There are two Xid error codes 45 and 62. 62 means “Internal micro-controller halt (newer drivers)”, which is understandable after some failure, but first 45 appears - “Preemptive cleanup, due to previous errors - Most likely to see when running multiple cuda applications and hitting a DBE”. This could indeed indicate problem with miner application, or as suggested - something related to overclocking.

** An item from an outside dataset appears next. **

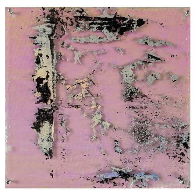 Painted Canvas/ Acrylic Base/Acrylic And Holographic Paint Transferred/ Screws, 30 × 30 × 1 cm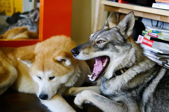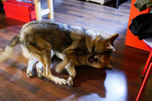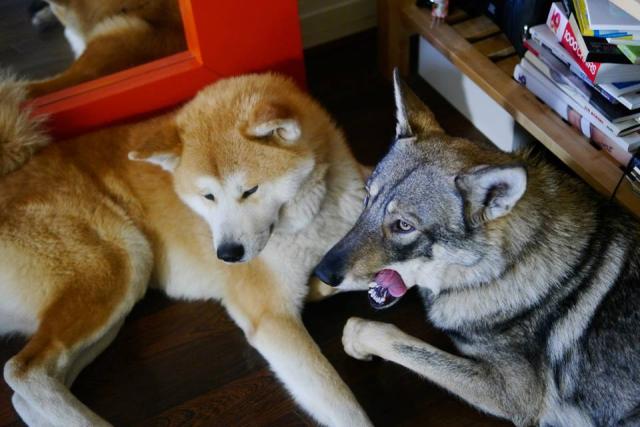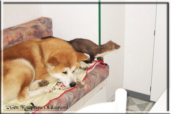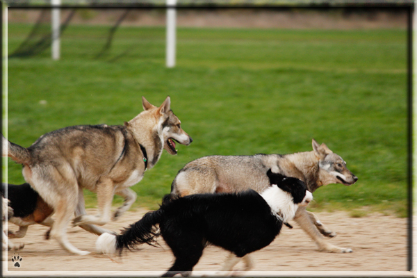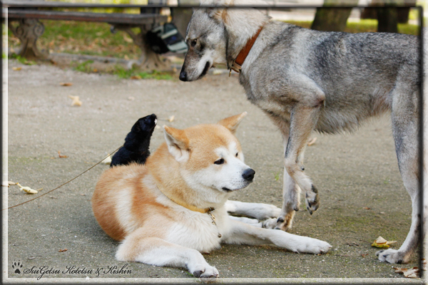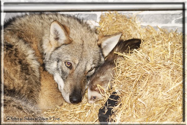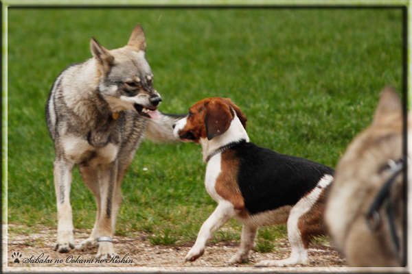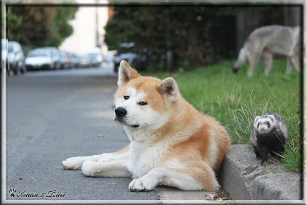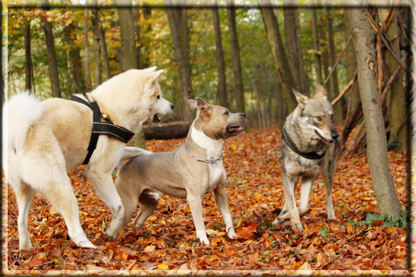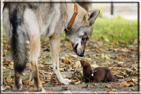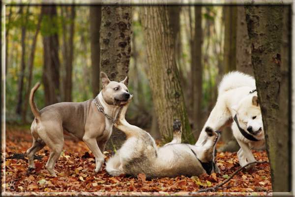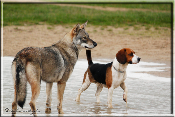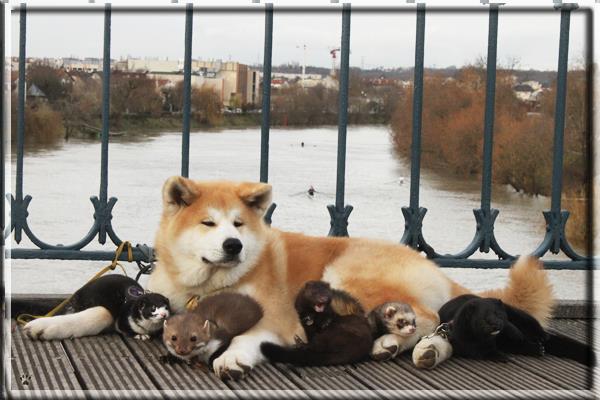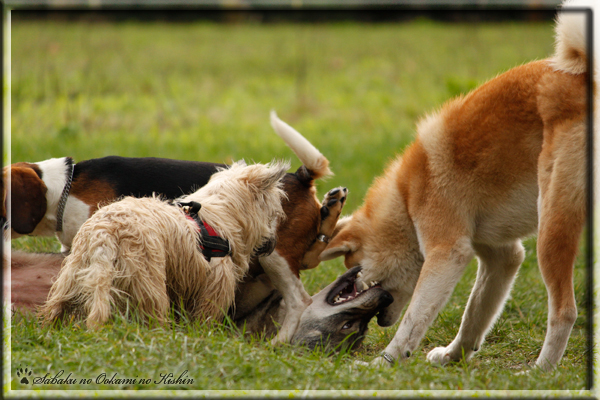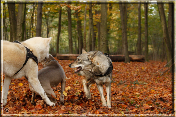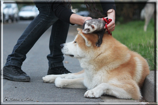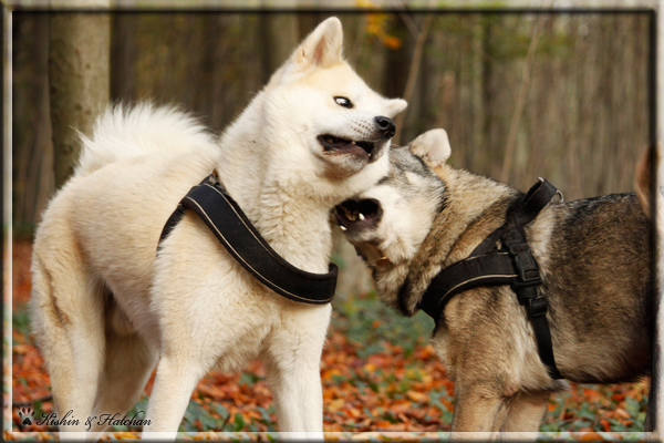 Okikurumi 0 Posté(e) le 5 novembre 2013 Comme matériel photos j'utilise le Canon EOS 500D avec EFS 55-250 et 18-55. Je n'ai pas vraiment une meute, j'ai 2 chiens : 元 小鉄琉 オキクルミ & 砂漠の狼の鬼神元 小鉄琉 オキクルミ : Gen Kotetsuru Okikurumi ou Kotetsu qui signifie petit fer砂漠の狼の鬼神 : Sabaku no Ookami no Kishin qui signifie féroce déesse/divité, la louve du désert.Kotetsu est un mâle, né le 05/07/2011 et 'adopté' à 10semaines. Akita Inu roux fils de D'Taishi Go of Kamino Ken et D'Tenshi Chiyo Go of Ikenohatade.https://www.facebook.com/ChienRaceAkitaInuKotetsu?fref=tsKishin est une femelle, né le 06/02/2012 et 'adopté' à 1ans le 06/02/2013. Chienne louve de Saarloos fauve charbonnée, Fille de Antibes Azur de Louba-Tar et Sun Gifu Fidji.https://www.facebook.com/pages/%E7%A0%82%E6%BC%A0%E3%81%AE%E7%8B%BC%E3%81%AE%E9%AC%BC%E7%A5%9E-Sabaku-no-Ookami-no-Kishin/530701190303742?fref=tsLes autres sont des chiens d'amis, des pensions ou des replacements. Le Cairn terrier est une pension, je trouve que ce sont vraiment des bons chiens les terriers avec un sacré carafon, vifs et réceptifs pour peu qu'on se donne la peine de les éduquer correctement. Avis personnel mais les chiens dits primitifs sont bien plus fascinant, il demande une autre surveillance, une autre attention, un autre travail pour le lien et l'obéissance ..etc.Gérer une meute ce n'est pas si compliquer si tu es en osmose avec et que tu as de bons "éléments" pour l'équilibre de celle-ci, puis biensur que tu as la capacité de gérer et guider tous ce petit monde. Partager ce message Lien à poster Partager sur d’autres sites

At the moment I only wonder if HiveOS correctly handles this problem. Since error occurrence, it seems nvidia driver stopped to respond anyhow. So in this case - there is no need to wait 25 minutes before reset (especially, that we don’t know what is the state and condition of failure GPU). I think, for security purposes, system reset should have place immediately after such error appearance (eventually after a minute or two to allow system service, to avoid endless loop).
Could you please indicate what should I change (configuration of which file), to get faster system restart?